Vivendo período de escassez de alternativas para o setor defensivo de seu meio-campo, o Atlético começou 2017 com dificuldades para se encaixar. Contando, em um primeiro momento, apenas com Rafael Carioca e os garotos Yago e Ralph, o treinador Roger Machado precisou de apenas dois jogos para entender que o time precisava de mudanças. Assim, mudou: colocou Danilo no meio-campo atleticano e o coletivo ganhou consistência.

Diferentemente do que era visto no América e no Sport, o lateral não tem atuado como meia aberto pela extrema esquerda, mas como uma espécie de segundo volante pela faixa canhota. Auxiliando Rafael Carioca na saída de bola, invertendo posições com Fábio Santos e encostando nos atletas do setor ofensivo para criar, Danilo vem se tornando peça importante no time. A capacidade que demonstra para ler o jogo e compreender onde sua presença é mais necessária foi a principal chave para a evolução do Galo no início de 2017.

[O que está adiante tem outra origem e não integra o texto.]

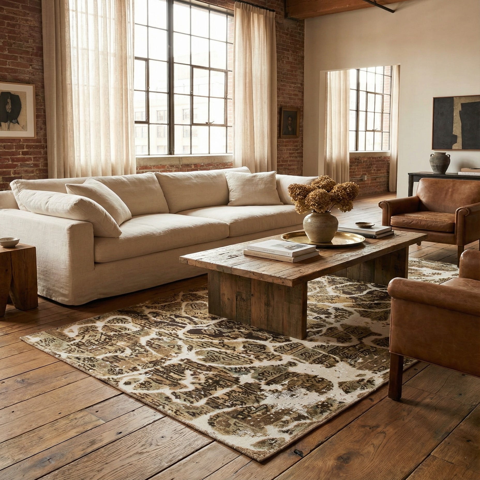 Primary color is Tan. Colors in this rug include: Tan, Brown, Light Brown, Olive.
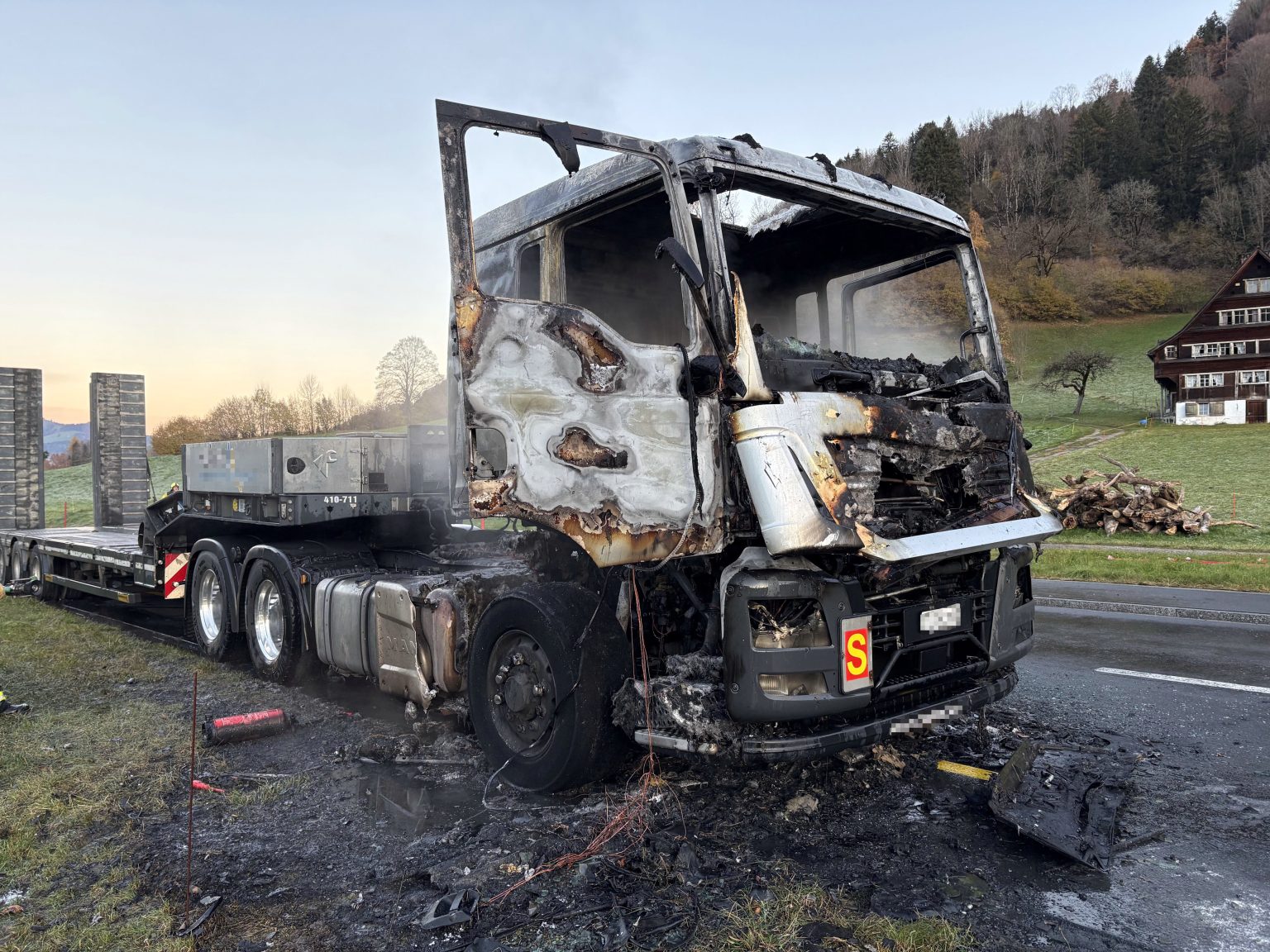 İsviçre’nin St. Gallen Kantonu’nda, Ebnat-Kappel çevre yolunda Cuma sabahı bir kamyon tamamen yanarak kullanılamaz hâle geldi. Yangın söndürülse de, dizel yakıtı ve söndürme suyu toprağa karıştığı için çevre alarmı verildi.

“Com certeza [o Atlético é a grande chance de minha carreira], eu escolhi o Galo para minha vida. Estou totalmente preparado para essa nova fase, fui recebido muito bem. [O Atlético] é um clube que briga por títulos todo ano e tenho certeza de que nesse ano não vai ser diferente. Eu escolhi com o coração e acho, de verdade, que desde que pisei aqui, com esse pensamento, as coisas foram se tornando mais fáceis, espero que assim continuem”, conclui o polivalente atleta.

Com Danilo em campo, o Galo não perdeu nenhuma partida, vencendo oito encontros e empatando um. A análise, contudo, vai além disso. Em nove partidas, marcou três gols e proveu três assistências. Além disso, defensivamente, já conseguiu nove desarmes. É impressionante a rapidez com a qual o jogador se adaptou ao clube, o que vem agradando o treinador Roger Machado, que tem ressaltado o equilíbrio alcançado com a presença de Danilo.

Foto: Divulgação/Bruno Cantini/Atlético Mineiro

Com gols, assistências, contribuição ofensiva e defensiva, o jogador que chegou como alternativa para a lateral esquerda vai conquistando muito espaço no meio-campo. Com o ganho gradativo de entrosamento com seus companheiros, a tendência é que evolua ainda mais e continue sendo alternativa usual, um jogador que durante as partidas exerce múltiplas funções e ainda aparece como elemento surpresa.

O setor por onde tem atuado tem se fortalecido. Chegaram Elias e Adílson (além do meia-atacante Marlone) e há expectativa para o desembarque de Roger Bernardo no meio da temporada. No entanto, hoje Danilo é peça importante no time do Galo.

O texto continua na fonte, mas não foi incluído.